But even with a record amount of cash on hand -- this includes cash, cash equivalents, and U.S. Treasuries -- Wall Street's longtime optimist likely hasn't been buying much for one very good reason.

Warren Buffett has been a net seller of stocks for nine consecutive quarters

When 2024 came to a close, Berkshire Hathaway held a record $334.2 billion in combined cash, cash equivalents, and Treasuries on its balance sheet. It's a treasure chest that would be the envy of most publicly traded companies and can provide unparalleled financial flexibility. But for the investment-focused Berkshire Hathaway, a large cash position isn't what investors want to see.

Based on regulatory filings from earlier this week, Berkshire's CEO has added to his company's respective stakes in Japan's five major trading houses: Mitsubishi, Itochu, Mitsui, Sumitomo, and Marubeni. The Oracle of Omaha reached an agreement recently that allows Berkshire Hathaway to gradually increase its stakes in these five indefinite holdings beyond 10%.

Form 4 filings with the Securities and Exchange Commission from January and February also show some very selective buying activity in satellite-radio operator Sirius XM Holdings, integrated oil and gas operator Occidental Petroleum, and domain-name registry service VeriSign.

While this recent purchasing activity might sound positive -- especially with the S&P 500 and Nasdaq Composite both falling correction territory this month -- it should be taken with a grain of salt. For more than two years, Berkshire's head honcho has been a decisive net seller of stocks.

Without going into a detailed quarter-by-quarter breakdown, Warren Buffett has sold more stocks than he's purchased, based on Berkshire's cash flow statements, for nine consecutive quarters. The cumulative value of this net-selling activity is a whopping $173 billion. It's the primary reason Berkshire's cash position has soared to a record high.

In addition to selling more stocks than he's purchased every quarter since Oct. 1, 2022, Buffett passed on buying his favorite stock during the entire second half of 2024. This "favorite stock" in question is none other than shares of his own company. Since the rules governing buybacks were amended on July 17, 2018, Buffett green-lit nearly $78 billion in cumulative share repurchases. Further, buybacks occurred for 24 consecutive quarters (July 2018-June 2024).

There's one very obvious explanation for Buffett's ongoing net-selling activity and his sudden cold-turkey approach to his favorite stock: valuation.

A pen and calculator placed atop income statements and a balance sheet from a publicly traded company.

Image source: Getty Images.

"Price is what you pay; value is what you get"

Out of the long list of words and phrases that can be used to describe Warren Buffett, nothing encapsulates his approach more than "value investor." While Buffett has been known to break an investing rule of his own from time to time, the one unwavering aspect of his investing approach is his desire to buy wonderful companies at an attractive/fair price.

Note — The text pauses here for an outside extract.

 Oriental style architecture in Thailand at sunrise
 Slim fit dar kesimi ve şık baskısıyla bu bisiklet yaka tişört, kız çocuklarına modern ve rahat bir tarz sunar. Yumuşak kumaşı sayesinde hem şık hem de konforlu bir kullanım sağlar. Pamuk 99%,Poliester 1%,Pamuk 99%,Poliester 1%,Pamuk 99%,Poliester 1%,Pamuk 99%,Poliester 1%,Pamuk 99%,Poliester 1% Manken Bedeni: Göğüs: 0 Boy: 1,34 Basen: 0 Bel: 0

During the heart of the financial crisis, in Berkshire Hathaway's 2008 letter to shareholders, Buffett penned what might be his most famous nugget of value-investing wisdom, courtesy of teachings from Ben Graham: "Price is what you pay; value is what you get."

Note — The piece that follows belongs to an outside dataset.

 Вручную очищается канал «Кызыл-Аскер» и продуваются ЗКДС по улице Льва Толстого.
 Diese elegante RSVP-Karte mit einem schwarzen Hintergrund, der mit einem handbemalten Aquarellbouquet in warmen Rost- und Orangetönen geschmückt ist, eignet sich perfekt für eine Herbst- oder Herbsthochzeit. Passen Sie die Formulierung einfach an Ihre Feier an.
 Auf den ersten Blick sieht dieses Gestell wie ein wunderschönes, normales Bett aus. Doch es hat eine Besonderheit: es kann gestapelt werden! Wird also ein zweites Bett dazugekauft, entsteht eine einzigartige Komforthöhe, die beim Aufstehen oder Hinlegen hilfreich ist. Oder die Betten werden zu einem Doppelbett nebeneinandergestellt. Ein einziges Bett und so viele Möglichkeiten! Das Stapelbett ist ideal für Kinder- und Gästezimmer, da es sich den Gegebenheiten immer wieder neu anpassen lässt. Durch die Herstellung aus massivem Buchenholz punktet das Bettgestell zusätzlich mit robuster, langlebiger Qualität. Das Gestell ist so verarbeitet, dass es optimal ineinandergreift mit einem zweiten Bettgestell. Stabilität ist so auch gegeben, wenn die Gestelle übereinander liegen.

This quote speaks to the idea that a company's share price may not always be reflective of its underlying performance or its long-term intrinsic value. Berkshire's chief remains steadfastly focused on value and has proved more than willing to wait for the "price" component of stocks to come back to a level that meets his definition of value.

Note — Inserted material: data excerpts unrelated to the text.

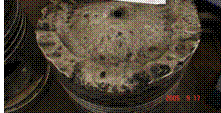 (1)現(xiàn)象:活塞頂部金屬產(chǎn)生層層剝落使頂部厚度逐漸減薄,出現(xiàn)釩腐蝕的麻點(diǎn)或凹坑,大小、深淺不一地分布于活塞頂部,這種現(xiàn)象稱為活塞頂部燒蝕。嚴(yán)重時(shí)可使頂部燒穿。
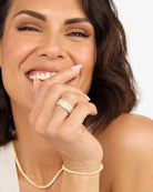 Serious sparkle with a wave of your hand? Yes please! This bold Slick Pavé Ring features a thick cigar-style band adorned with pavé simulated diamonds that catch the light from every angle. The perfect statement piece to elevate your ring stack, it delivers maximum glamour without the fuss. Layer it with delicate bands for contrast, or let it shine solo as your go-to sparkly essential.
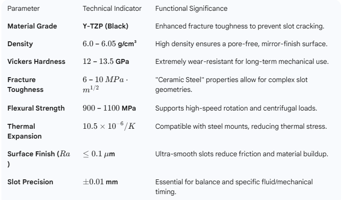 Hardness >1200 HV, wear-resistant, thermal stable (1000°C), low conductivity (2.5–3.0 W/m·K), flexural strength >900 MPa, corrosion/UV-resistant, insulating, non-magnetic, permanent black (L* <20), dense (>6.0 g/cm³)
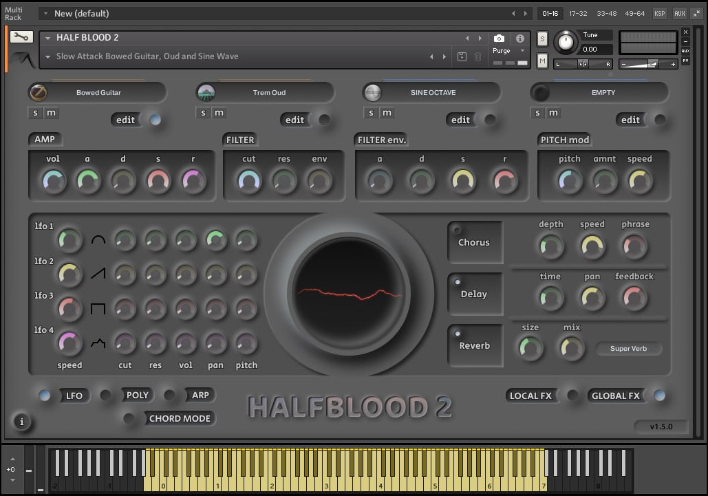 Halfblood 2 берёт оригинальную концепцию своего тёзки и преодолевает марафон до следующего уровня. У нас есть 130 уникальных источников звука, 104 из которых получены из органических инструментов со всего мира, а 26 — из синтезаторов.
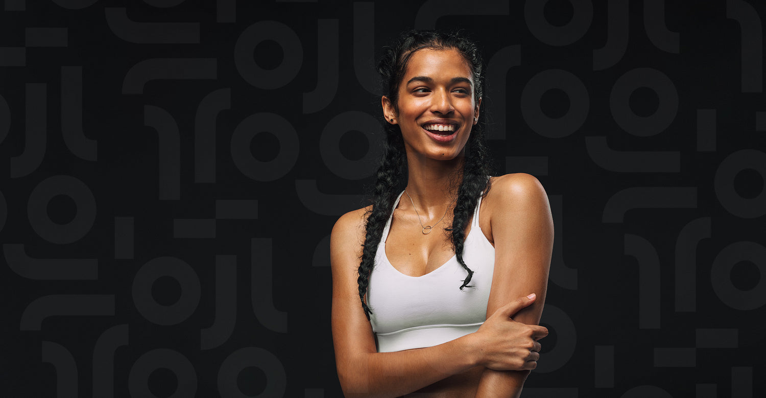 Portrait of smiling fit woman. Sportswoman standing on black background and looking away.

The plain-as-day reason Warren Buffett probably isn't buying much, including shares of his own company's stock, is because value is virtually nonexistent at the moment.

In a 2001 interview with Fortune magazine, Buffett referred to the market-cap-to-GDP ratio as "probably the best single measure of where valuations stand at any given moment." This valuation tool, which divides the total market cap of publicly traded companies by U.S. gross domestic product (GDP), has become known as the "Buffett Indicator."

When back-tested to 1970, the Buffett Indicator has averaged a reading of 85% -- i.e., the aggregate value of all publicly traded companies equals 85% of U.S. GDP. On the day prior to the S&P 500 hitting its all-time high, the Buffett Indicator peaked at 207.33%. It's never been this far above its historic mean.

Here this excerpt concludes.